Chatbot based on tensorflow
**
A chatbot based on tensorflow
**
A chat robot based on Tensorflow, mainly based on machine deep learning, adopts the seq2seq+Attention model, first uses the jieba Chinese word segmentation framework to segment Chinese text sentences and then encodes them into ID numbers, and obtains a model after training and learning with a large amount of data. The dialogue robot that realizes the chat function of human question answering machine can automatically identify the matching of chat sentences and question answers, and generate and match corresponding answers through the training of a large number of corpus text vocabulary.
Design purpose
Chatbot is a special automatic questioning system, which can imitate human language habits and find answers to questions through pattern matching. In the process of chatting, there will be a variety of question sentences, and there are situations where the sentences include various parts of speech and some semantics in the sentences are different. This situation leads to chatbots being able to accurately answer some easy-to-answer questions, and answering some uncertain questions by guessing and changing topics, resulting in the inability to give correct answers. The generative chat robot algorithm based on deep learning first experiments with the mainstream framework in the field of generative chat robots, and on this basis, the attention model mechanism is added to improve the generation effect, in order to avoid a large number of meaningless replies and ensure the natural and smooth dialogue . However, the traditional chat robot has a low word recognition rate; it cannot make a correct response to the dialogue. Therefore, the chat robot dialogue generation mechanism is studied, and a chat robot dialogue generation mechanism based on seq2 seq and Attention model is proposed. , making chatbot chat conversations more real.
The chat machine based on seq2 seq and Attention model designed this timeThe mechanism of human dialogue generation mainly completes the research on the dialogue generation mechanism of chatbots from four aspects: semantic matching, dialogue keyword expansion, word vector encoding and semantic similarity calculation. The experimental comparison results show that the chat robot dialogue generation mechanism designed this time has a higher word recognition rate than the traditional mechanism, and can correctly identify the dialogue content to make accurate answers. Finally, a human-like machine that achieves a human-machine dialogue.
**
Detailed description
1. The development of chat robots has gone through three generations of different technologies.
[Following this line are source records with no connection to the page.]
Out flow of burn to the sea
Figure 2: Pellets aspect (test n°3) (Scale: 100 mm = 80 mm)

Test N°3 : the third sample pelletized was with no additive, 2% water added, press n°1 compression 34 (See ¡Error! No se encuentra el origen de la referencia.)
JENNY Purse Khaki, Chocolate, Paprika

It is required to understand the specific process of the development of chat robots through literature research, focusing on mastering the third generation of chat robots based on deep learning and using the seq2seq+Attention model. ;
2. Familiar with embedding_attention_seq2seq interface, understand the meaning and use of parameters;
3. Training model:
(1) Segment Chinese words with jieba;
(2) Definition acquisition training Set function;
(3) Define the function to obtain the sentence id;
(4) Define the prediction function;
(5) Optimize parameters.
4. Use Python programming to implement a complete chat robot and perform system debugging.
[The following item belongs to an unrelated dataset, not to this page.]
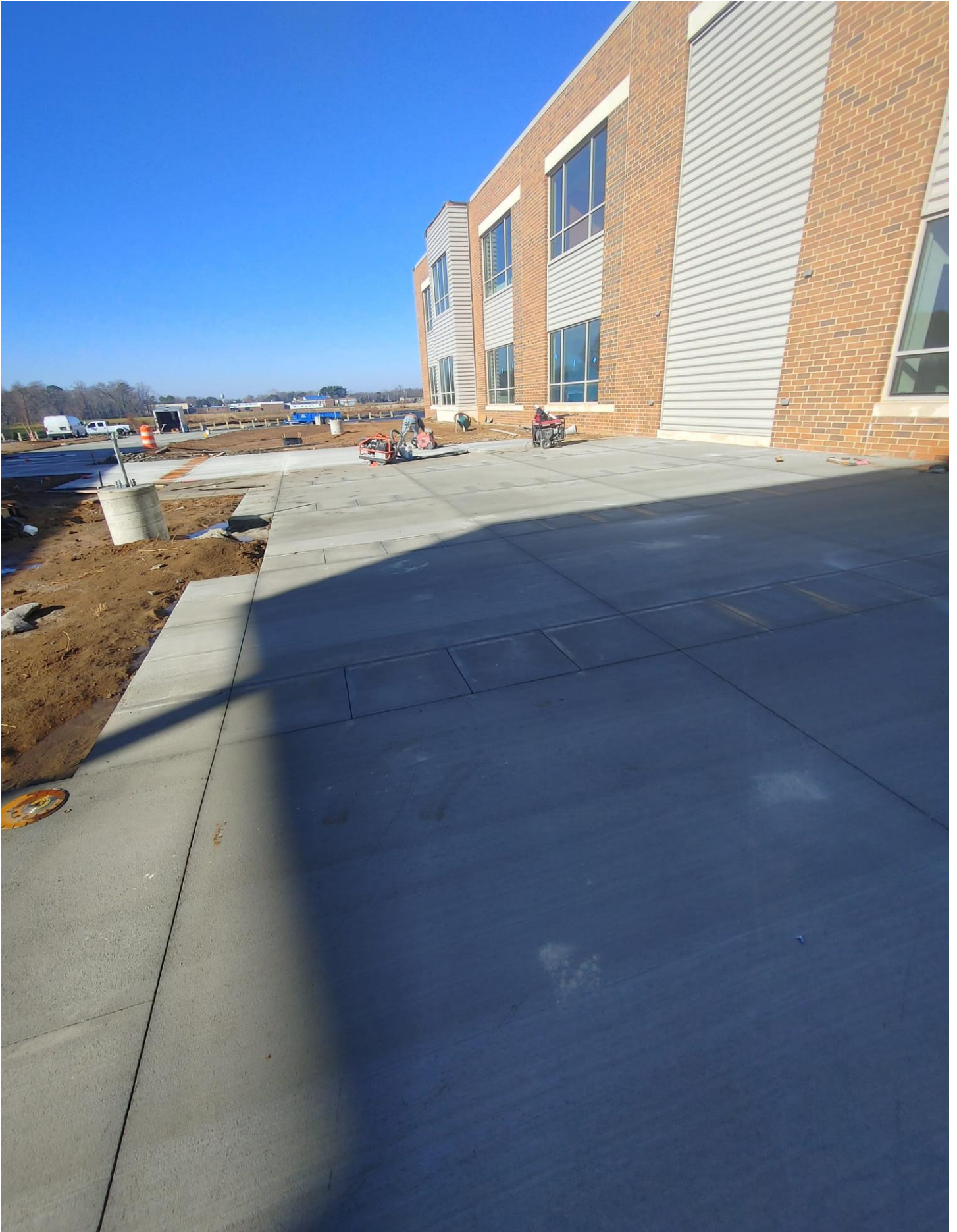
Photo 4 - Concrete is being Scored

Environmental construction and key technologies
2.1 Environment construction
Use python3.6 python interpreter, tensorflow version = 1.14, tensorflow embedding_attention_seq2seq, use LSTM neural network, use AdamOptimizer optimizer, jieba Chinese word segmentation, etc. The installation and construction process of each item is as follows:
1 Install Anaconda (package manager and environment manager):
Anaconda comes with a large number of commonly used data science packages, It ships with conda, Python, and over 150 scientific packages and their dependencies. so you canto start processing data immediately. In data analysis, many third-party packages are used, and conda (package manager) can help you install and manage these packages on your computer, including installing, uninstalling and updating packages.
(1) Anaconda installation and configuration steps and instructions:
a. Enter the official website, click Download;
b. Select the appropriate version of your computer to download (choose the 64-bit version of 2020.11);
c. Find the installer according to your own download path, and click the installer to install;
d. Follow the prompts to install according to the default options, and finally click finish to complete the installation;
e. Open ” System properties-advanced-environment variables-user user variables-select Path-edit to configure the environment, and add the path of your own installation after the variable value as follows:
f. Click OK to complete the configuration of the environment.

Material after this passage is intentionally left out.